Dedicated to growing quality tomatoes under glass since 1977

Cold Pasta With Chargrilled Tomato Sauce


900g (2 lb) British Classic tomatoes, halved
2 red peppers, halved and de-seeded
10ml (2 teasp) olive oil/one cal oil spray
Bunch of fresh basil, chopped
175g (6oz) farfalle tonde
Pasta With Chargrilled Tomato Sauce
Serves 4

230 kcals, 3g fat, (0.5g saturates) per serving
  1. Pre heat grill. Put the halved tomatoes, cut side upwards, on a grill and grill until charred. Remove from grill and cool.

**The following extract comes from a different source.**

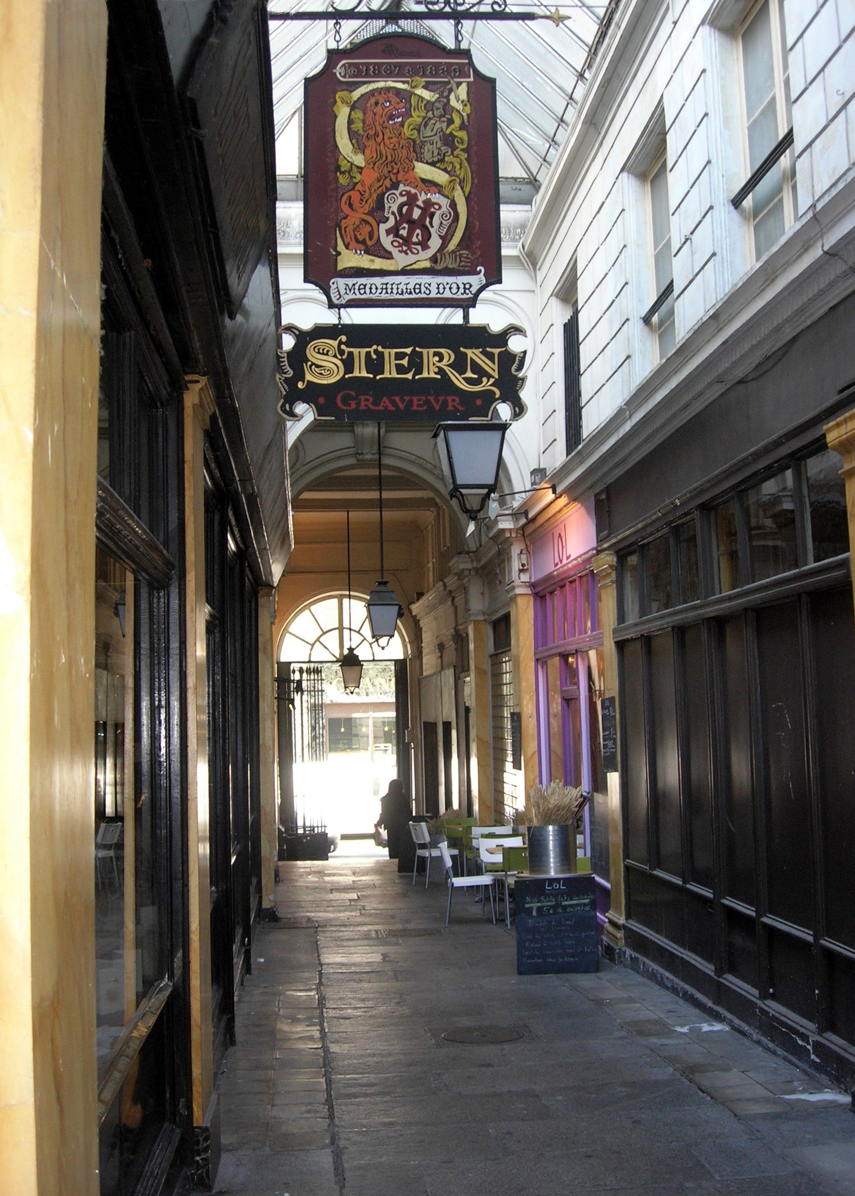 Description =Passage des Panoramas Source =Photo taken by Remi Jouan Date =Novembre 2006 Author =Remi Jouan

  2. Put peppers on a grill, skin side upwards, and brush with oil. Grill until charred, turn over peppers and grill the other side until charred and the peppers are soft.

  3. Cool peppers in a polythene bag. Scrape the cooled tomatoes from their skins and put into a bowl.

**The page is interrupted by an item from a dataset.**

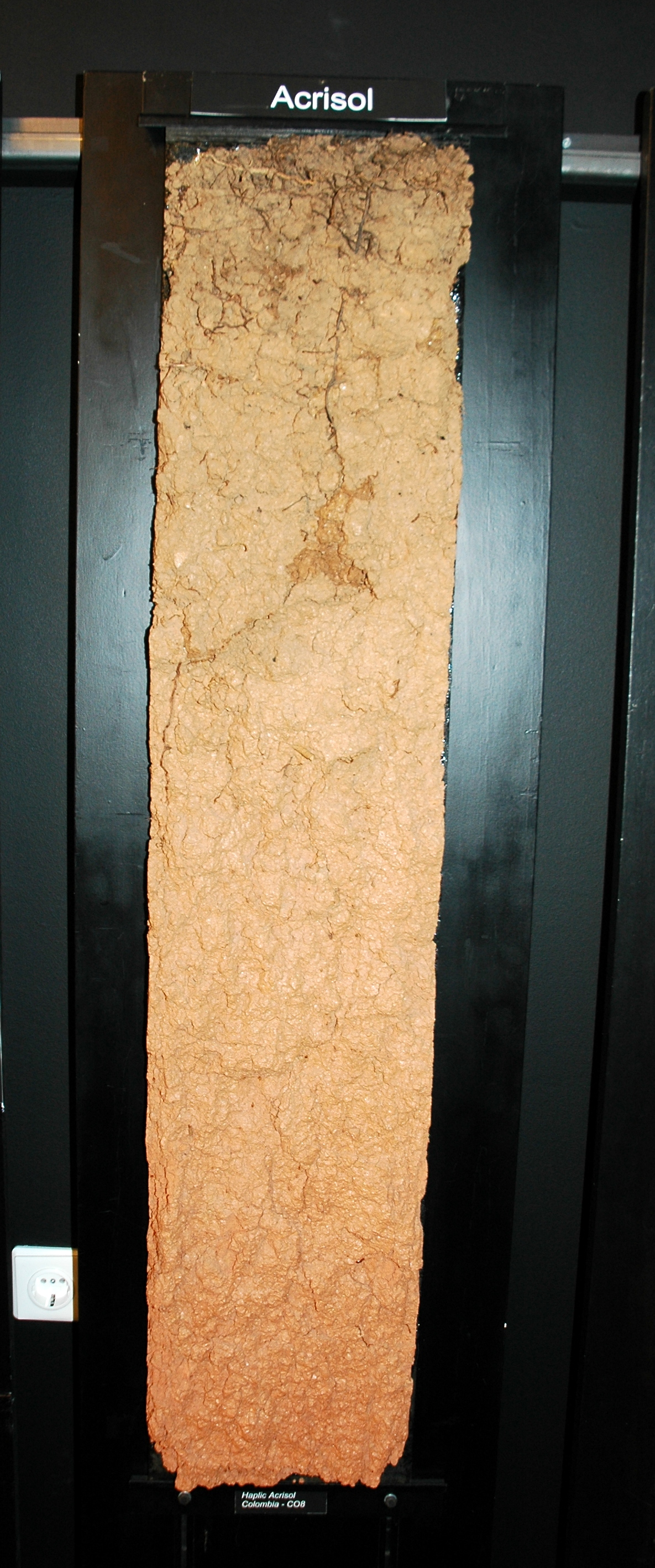 Soil profile of a Haplic Acrisol (from the collection of the World Soil Museum)

  4. Skin the cooled peppers and cut into small pieces. Mix with the tomatoes. Stir in the chopped basil and season to taste.

  5. Cook pasta according to pack instructions making sure it is 'al dente'.

  6. Strain pasta and plunge into cold water to cool. When cool, drain thoroughly.

  7. Mix pasta with tomato sauce and serve with a rocket or baby spinach salad.